Characterizing the Genomic Profile in High-Grade Gliomas: From Tumor Core to Peritumoral Brain Zone, Passing through Glioma-Derived Tumorspheres

Round 1

Reviewer 1 Report

The authors were able to clarify each point I made in my review. I just have an additional one: 

• Conclusion: The authors should use the term 'limited' instead of 'not very long'.

In conclusion, the manuscript ist acceptable in its current form after clarifying the minor point mentioned above.

Author Response

Reviewer 1 Comments and Suggestions for Authors

The authors were able to clarify each point I made in my review. I just have an additional one: 

• Conclusion: The authors should use the term “limited”; instead of “not very long”.

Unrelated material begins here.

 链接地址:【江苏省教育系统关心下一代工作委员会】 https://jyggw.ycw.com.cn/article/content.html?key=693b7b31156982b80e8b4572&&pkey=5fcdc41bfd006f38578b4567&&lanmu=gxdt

R: We thank a lot the reviewer for appreciating our work. We corrected the term as suggested (line 553).

Reviewer 2 Report

In this manuscript, M. Giambra and coworkers investigated by using array-CGH platform, the genomic profile of high grade gliomas (mostly glioblastoma IDH-wildtype) from tumour core biopsies (TC), their corresponding peritumoral brain zones (PBZ) and the derived glioma stem cells (GSC) grown as tumorspheres. They obtained a complete view of the genomic profiles of 20 tumour biopsies and compared these data to the genomic profiles of 14 related GSC cultures and to those of 7 PBZ biopsies. Then, the authors investigated by bioinformatics analysis (DAVID database) the pathways of genes involved in the detected genomic alterations and identified new genes and new regions potentially interesting in the glioblastoma study landscape.

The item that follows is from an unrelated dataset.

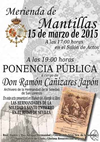 El acto, organizado por la Real, Ilustre y Muy Antigua Hermandad y Cofradía de Nuestra Señora de la Soledad, Santo Entierro de Cristo y Gloriosa Resurrección de Jesús, se completará tras la tradicional merienda de mantillas con una ponencia pública en la que D. Ramón Cañizares ofrecerá datos reveladores fruto del estudio detallado de las más de ciento cincuenta y cinco Hermandades tituladas y conocidas bajo la advocación de Nuestra Señora de la Soledad desde que comenzara hace cinco siglos -a mediados del siglo XVI- la celebración de la Semana Santa tal y como perdura hasta nuestros días. Un hermoso viaje, en definitiva, por el “singular fenómeno de la universal devoción soleana”, como así describe magistralmente D. Ignacio Montaño Jiménez, Hermano de Honor de la Hermandad de la Soledad de Alcalá del Río, en el prólogo de la obra.

This study is well conducted and the answers made by the authors following the reviewers’ comments are appropriate.

Nevertheless, as already highlighted by the previous reviewers, I find myself that too much conclusions are drawn throughout the manuscript from the survival of the patients without any survival analysis. Even if the authors made a substantial effort to moderate them in the present version, these conclusions cannot be allowed regarding the too short follow-up of the series and the small number of enrolled patients. To my opinion, the data reported here should be limited to the genomic profiles and the pathway database investigations which are worth to be published, without any speculative correlation to the clinical status of the patients. Accordingly, Figure S1 should be removed.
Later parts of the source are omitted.